AUGUSTA, Ga. (AP) -- Martha Burk's supporters gathered outside Augusta National on Saturday, declaring that they have thousands of people behind them in the fight to force the elite golf club to admit a woman.
Jessica Terlikowskia, a 25-year-old full-time activist from Washington, put up a sign targeting corporations with executives in the club. The banner read "Women Play/CEOs Play" and included the logos of Ford, General Electric, Citigroup, Coors, Coca-Cola and Viacom.
Terlikowskia said she and six others drove all night from Washington to join Burk and about 200 others with the National Council of Women's Organization. The group says the 300-member club that hosts the Masters is guilty of sex discrimination.

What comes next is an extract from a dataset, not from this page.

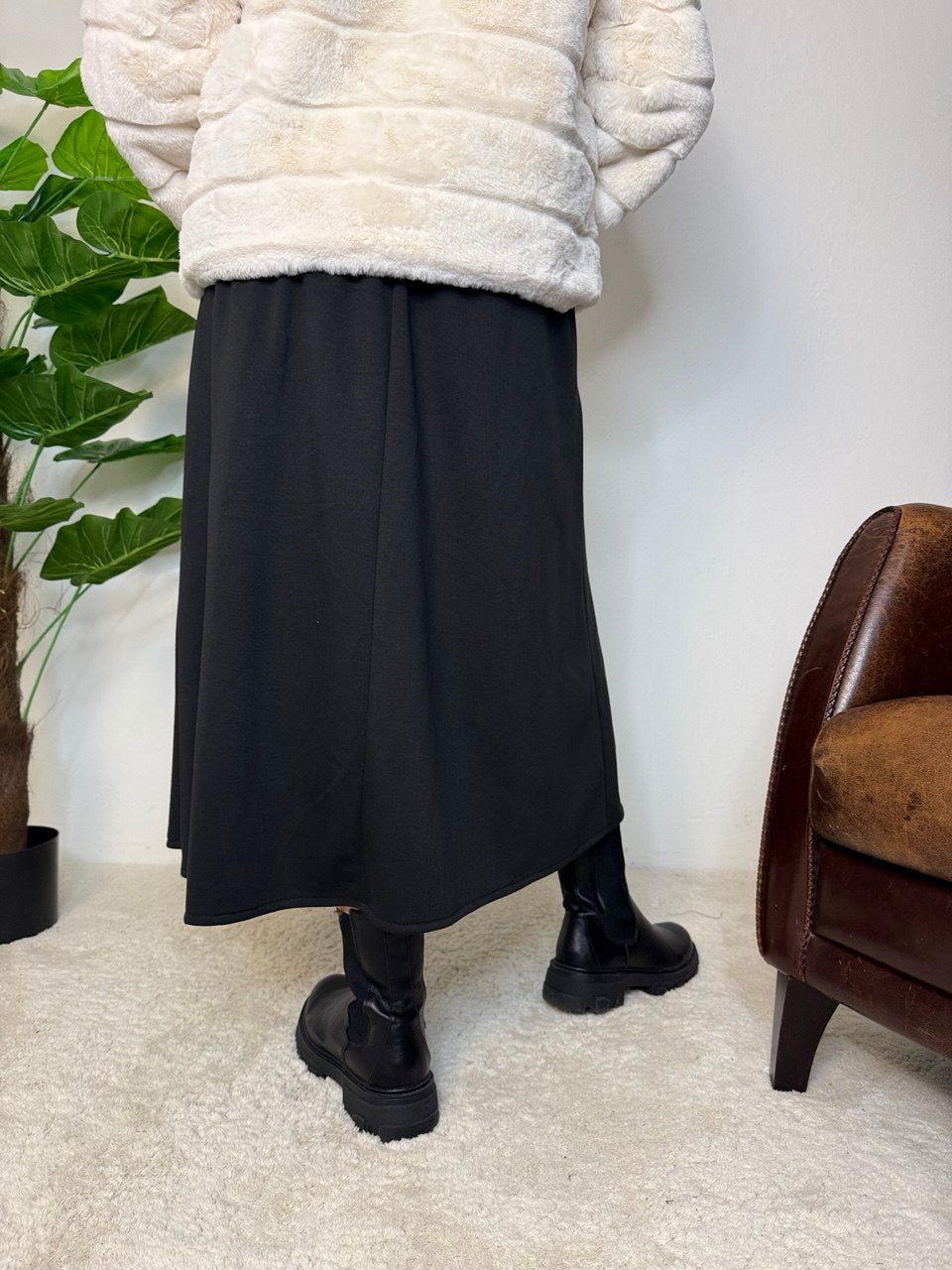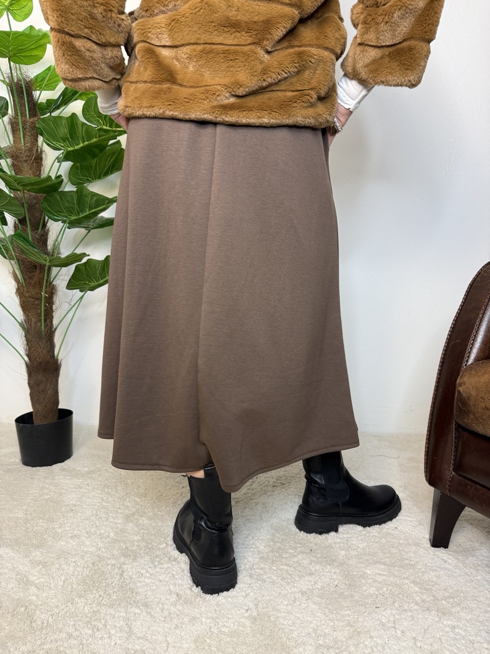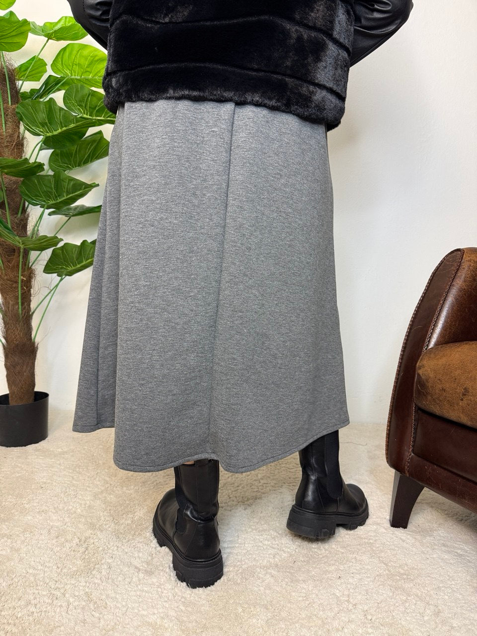 Gonna in tessuto simile alla felpa, baschina sul davanti, elastico sul retro, pence solo sul davanti, tasche, vestibilità dalla taglia 44 alla 48

"This is not just one woman battling Hootie," she said, referring to the Augusta National chairman, Hootie Johnson. "It's definitely to show that she's not alone, and that many people recognize that for women to reach full equality we have to have access to all places."
Johnson hasn't budged in defending the club's male-only membership. And Burk, while stopping short of saying her cause has lost steam, has acknowledged that the spotlight has shifted in the weeks since war erupted in Iraq.
"We may have 100. I don't know," Burk said Friday when asked about the size of the protest. "It's not about numbers. I hope we have a good number of people to make our point, but we don't need a cast of thousands."
The demonstrators, and several counter-protesters, are sharing a weedy 5.1-acre lot a half-mile from Augusta National's main gate. Sheriff Ronald Strength chose the site to keep the one-day protest from snarling Masters traffic. Some fans walking to the course to watch the Masters talked to protesters and bought anti-Burk T-shirts and buttons.
At least 100 police cars were parked in the lot to separate the groups from each other. About half the site was designated for Burk's group and the Rev. Jesse Jackson's Rainbow/PUSH Coalition, which planned to send 100 picketers to support her. Jackson said he would not attend.
The rest of the lot was broken up into sections for rival protesters. They include Todd Manzi of Tampa, Fla., Burk's self-appointed nemesis, and Joseph J. Harper of Cordele, Ga., the leader of a Ku Klux Klan splinter group.
Adding to the free-speech free-for-all was Dave Walker of Atlanta, a one-man pro-war rally whose baseball cap says "Give War a Chance," and an anti-Jackson group called Brotherhood of a New Destiny.
A few locals calling themselves People Against Ridiculous Protests said they were making their point by not protesting. They planted their banners -- one saying "Look at all the RIDICULOUS people" -- and left.
"We just don't want to show up and add to the ridiculousness of what's going on," said Deke Wiggins, leader of the group.
Several people arrived to criticize Burk for focusing so much attention on a golf club while the nation is at war.
"As a woman, I wouldn't waste that much money and effort to try to be part of an association that doesn't want women," said Katie Parks, 25, of Washington.
The sheriff approved permits for more than 900 protesters at the site, though only a fraction of that was expected. Still, he scheduled about 100 deputies and state troopers to prevent clashes between factions.
"We don't want to arrest anyone," Strength told protest organizers Friday. "But if any law is violated ... we will take that person or persons into custody."
Strength warned that would include any protesters venturing closer to the golf club gates.
Burk initially sought permission to post 24 protesters on either side of the wrought iron gate where players and club members enter the grounds, and 200 more across the street.
The sheriff denied her a permit to get that close, saying protesters would be a dangerous distraction to Masters fans walking and driving to the course. Burk sued, but a federal judge and an appeals court upheld Strength's decision.